Я надеялся умереть... Но я не умер. Чертова больница... Потребовалось не так много времени, чтобы я понял, что я совершил самый ужасный поступок в моей жизни. Я бросил своего ребенка на произвол судьбы. Думал ли я об этом, когда водил куском стекла по шее? Я думал о своем уродстве и о том, какой я несчастный. А теперь я лежал и не мог пошевелиться, лишь только как будто через толщу воды до меня доносились чьи-то голоса, и, сходя с ума от одиночества, я пытался их слушать. Мне никогда не было так горько. Что со мной? Паралич? Кома? Я не чувствовал себя, я пытался пошевелиться и не мог. Зато у меня была масса времени, чтобы подумать, лежа в одиночестве и темноте. Я ведь выжил, роды прошли удачно и всё равно... Из-за чего я хотел покончить с собой? Потому что мой альфа потискал какую-то шлюху? Я уже попал один раз в аварию, когда поехал в другой город, из-за того, что человек, в которого я был влюблен, женился на другом. Ничему меня жизнь не учит...

Опять голос... Я собрал все мысли и снова начал пытаться слушать, разобрать слова. Это был голос Эрвина. Эрвин, милый, что ты забыл тут? Возле моего живого трупа?

– Давид, Давид... – это единственное, что я мог понять, я слышал его голос и теперь хотел проснуться. А если я всё-таки умер? Я хотел пошевелиться, но не мог. А он что-то рассказывал, причем мне. Как странно, я же не могу ответить.

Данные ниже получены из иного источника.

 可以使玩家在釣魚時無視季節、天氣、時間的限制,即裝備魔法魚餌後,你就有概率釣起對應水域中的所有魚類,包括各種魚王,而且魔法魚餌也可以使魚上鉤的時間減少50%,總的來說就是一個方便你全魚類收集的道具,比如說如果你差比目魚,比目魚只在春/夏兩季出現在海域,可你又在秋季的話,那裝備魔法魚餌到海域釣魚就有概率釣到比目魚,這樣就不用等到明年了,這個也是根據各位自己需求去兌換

Я опять сосредоточился. – Давид, представляешь, сегодня я шел по улице, а ко мне привязался омега. Рыжий. Он стал ко мне приставать с намерением познакомиться, я как раз к тебе шел. Но я показал ему кольцо, что я женат, что у меня есть ты. Тебе нравится кольцо, которое я тебе подарил? Оно из белого золота. Хотя, кажется, мы с тобой это уже обсуждали... А еще я сегодня готовил яичницу, и она подгорела. А еще звонил твой папа, он назвал меня козлом и сказал, что нужно еще денег. Я перевел уже. Наш ребенок пока с ним, потому что мне лучше работать, а твой папа всё-таки омега...

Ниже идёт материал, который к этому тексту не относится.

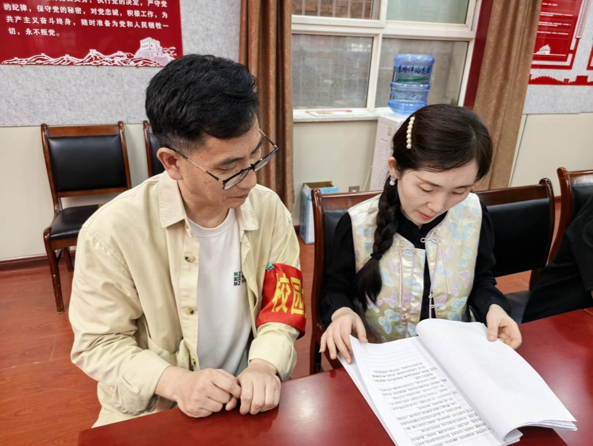 周东良主任和张萍主任翻阅上一批实习生的工作记录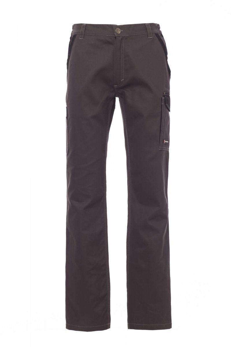 Multi-season unisex trousers with side elastic and waist belt loops. Zip fastening with metal button, two classic front pockets and a zip pocket, a LOCK SYSTEM side pocket, a double tape measure pocket on the left side, two back pockets, one open and one with flap and Velcro. Contrasting inserts and stitching, reflex stripes on the back pocket, triple seams on the inner leg. 100% cotton, 265 gr/mq.

Эрвин мне еще что-то рассказывал около часа, а потом ушел. Если бы я мог кусать губы, я бы кусал их. Как же я мечтал проснуться! Где-то рядом со мной шла жизнь, просто бурлила, где-то рос мой ребенок, а к моему мужу приставали очередные шлюхи. А я лежу тут. Я делал над собой усилия, желая разбить эти невидимые оковы. Мой разум метался. Я пытался молиться, я требовал, угрожал кому-то невидимому, боролся с собой и просил, просил вернуться к жизни. Я просил об этом всех богов, каких знал.

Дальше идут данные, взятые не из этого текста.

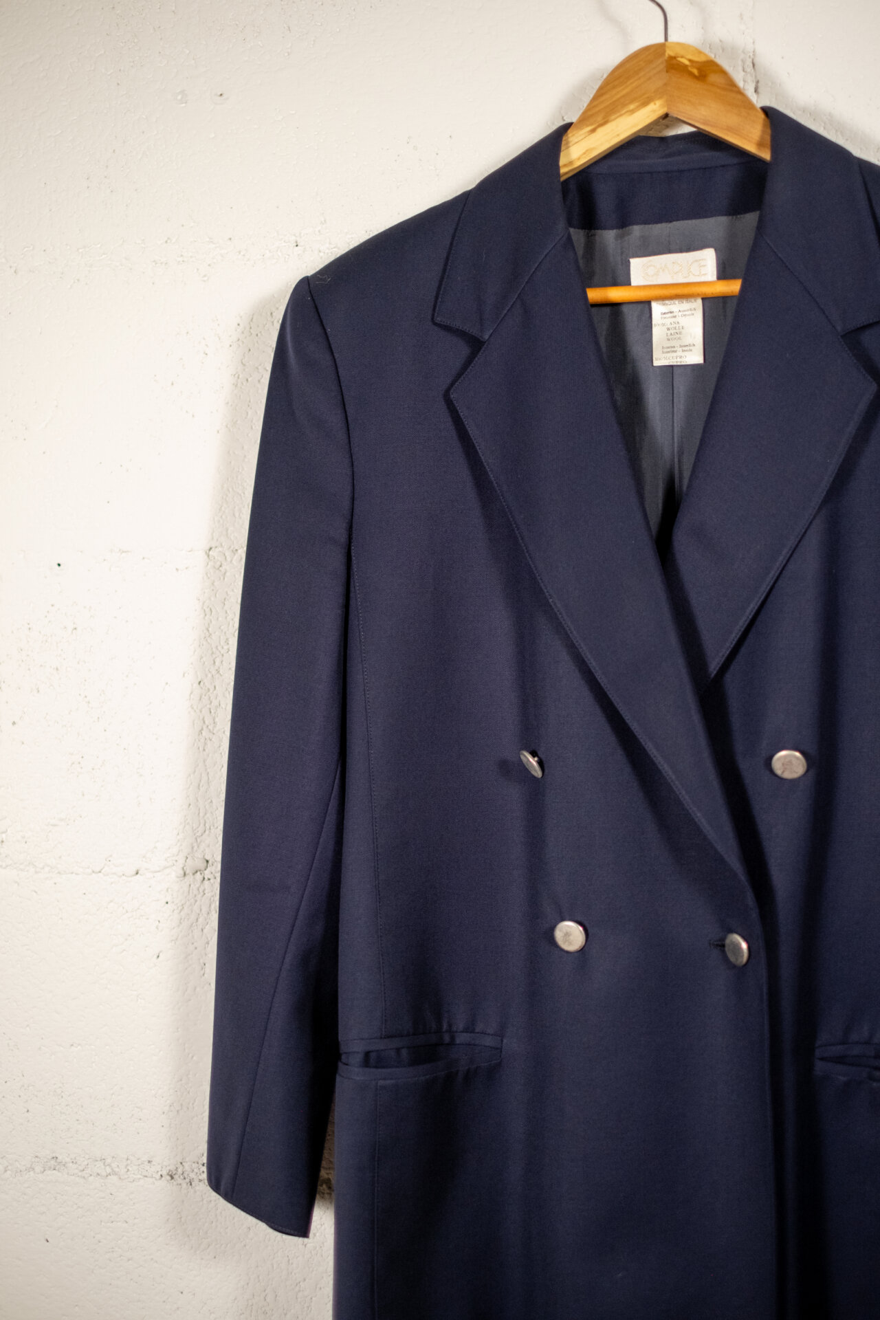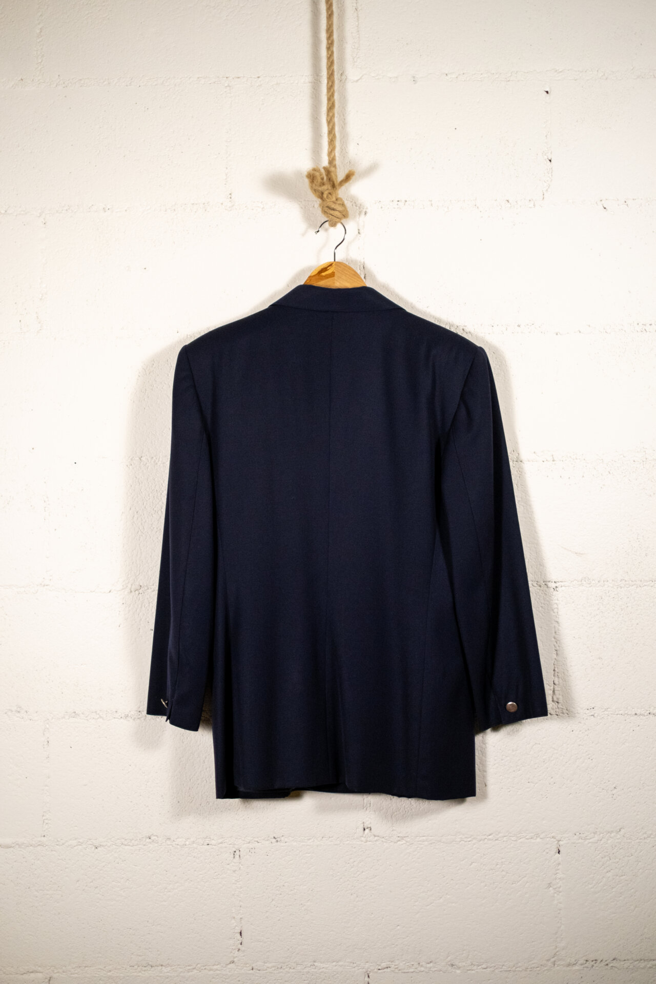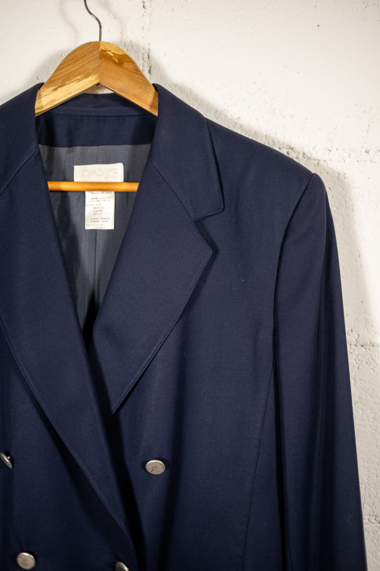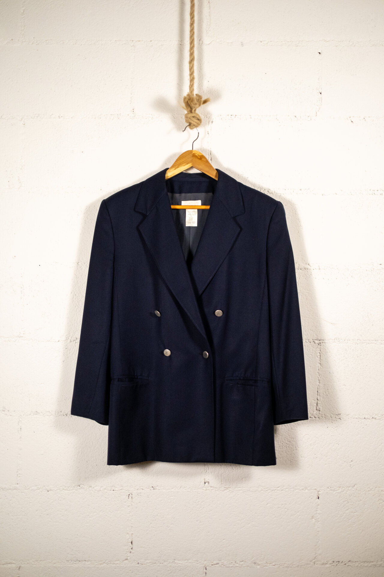 Blazer vintage donna blu navy, modello doppiopetto dal taglio sartoriale e linea strutturata. Realizzato in tessuto a base lana, con rever ampi e bottoni metallici che ne esaltano lo stile classico.

Эрвин приходил каждый день, поэтому я знал все новости. Изо дня в день он рассказывал всё, что случалось с ним, в мельчайших подробностях. Я жил этим и боялся одного, что он однажды разочаруется и не придет. Вокруг теперь было не то чтобы много красивых омег... Они еще и шевелились и разговаривали. А я? Овощ.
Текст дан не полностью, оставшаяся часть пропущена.